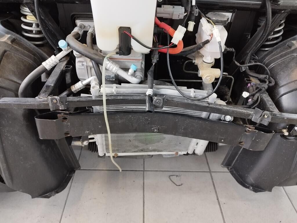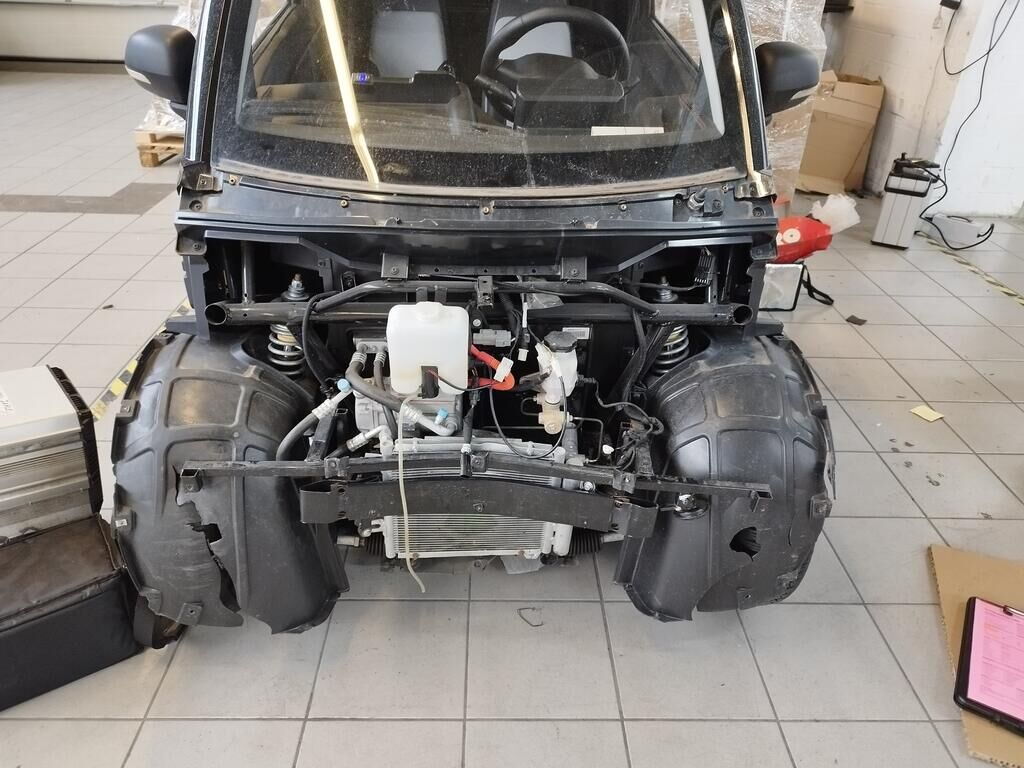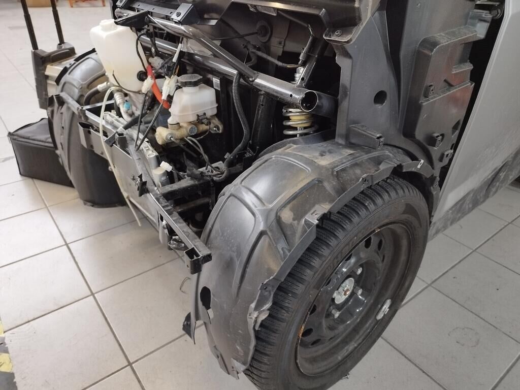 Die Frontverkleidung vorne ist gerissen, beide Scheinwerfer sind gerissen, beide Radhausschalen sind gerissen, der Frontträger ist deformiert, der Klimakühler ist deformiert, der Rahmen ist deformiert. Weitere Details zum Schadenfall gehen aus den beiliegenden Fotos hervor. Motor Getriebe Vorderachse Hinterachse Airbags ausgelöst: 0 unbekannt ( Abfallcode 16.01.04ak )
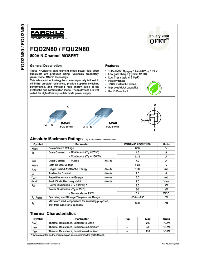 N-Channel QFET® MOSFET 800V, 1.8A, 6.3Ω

● ● ●

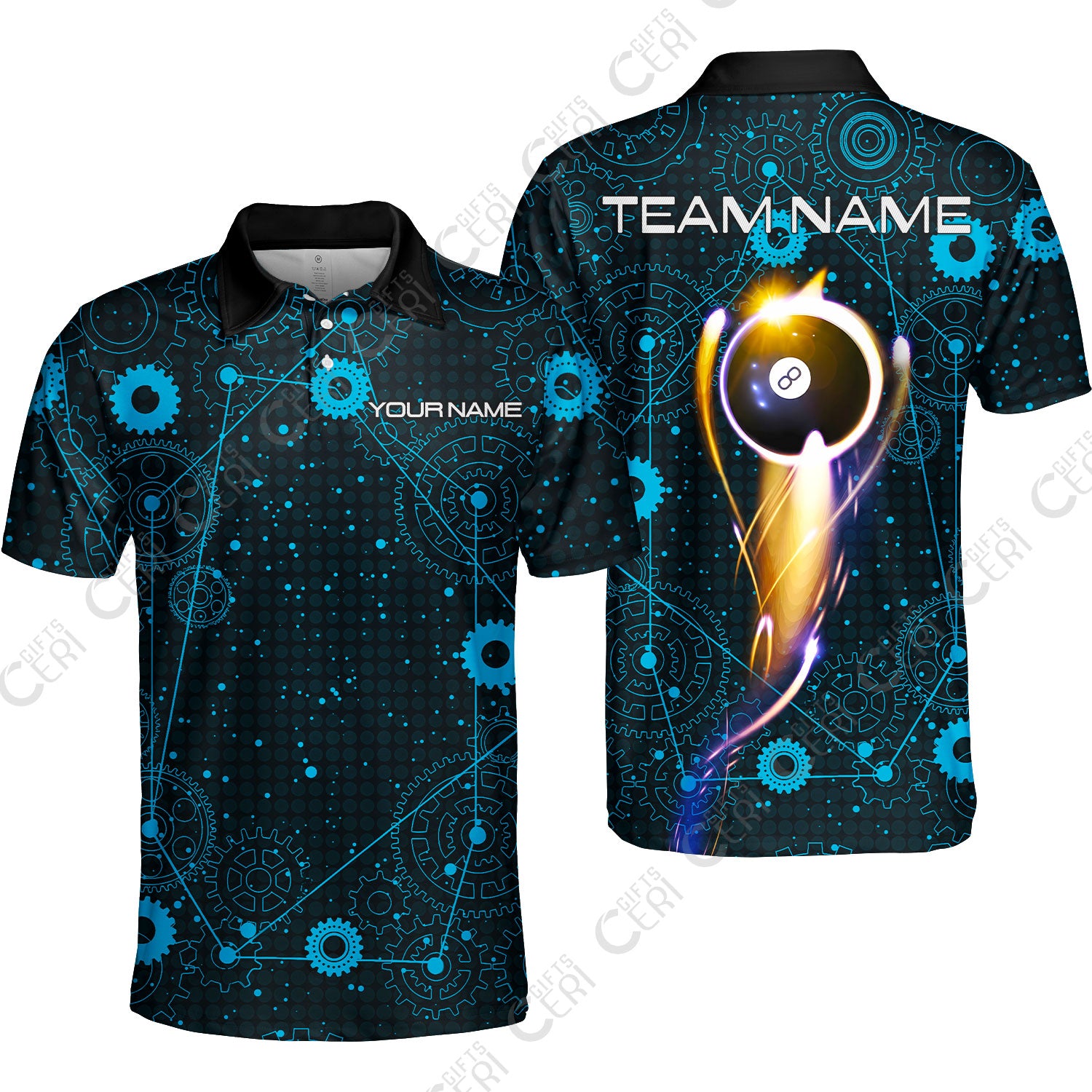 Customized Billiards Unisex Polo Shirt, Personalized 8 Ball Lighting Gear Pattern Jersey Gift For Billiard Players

● ● ●

Take the material above and output only the lines from the one that contains "Die Frontverkleidung vorne" through the one that contains "N-Channel QFET® MOSFET 800V, 1.8A, 6.3Ω", ends included and images left out.

 Die Frontverkleidung vorne ist gerissen, beide Scheinwerfer sind gerissen, beide Radhausschalen sind gerissen, der Frontträger ist deformiert, der Klimakühler ist deformiert, der Rahmen ist deformiert. Weitere Details zum Schadenfall gehen aus den beiliegenden Fotos hervor. Motor Getriebe Vorderachse Hinterachse Airbags ausgelöst: 0 unbekannt ( Abfallcode 16.01.04ak )
 N-Channel QFET® MOSFET 800V, 1.8A, 6.3Ω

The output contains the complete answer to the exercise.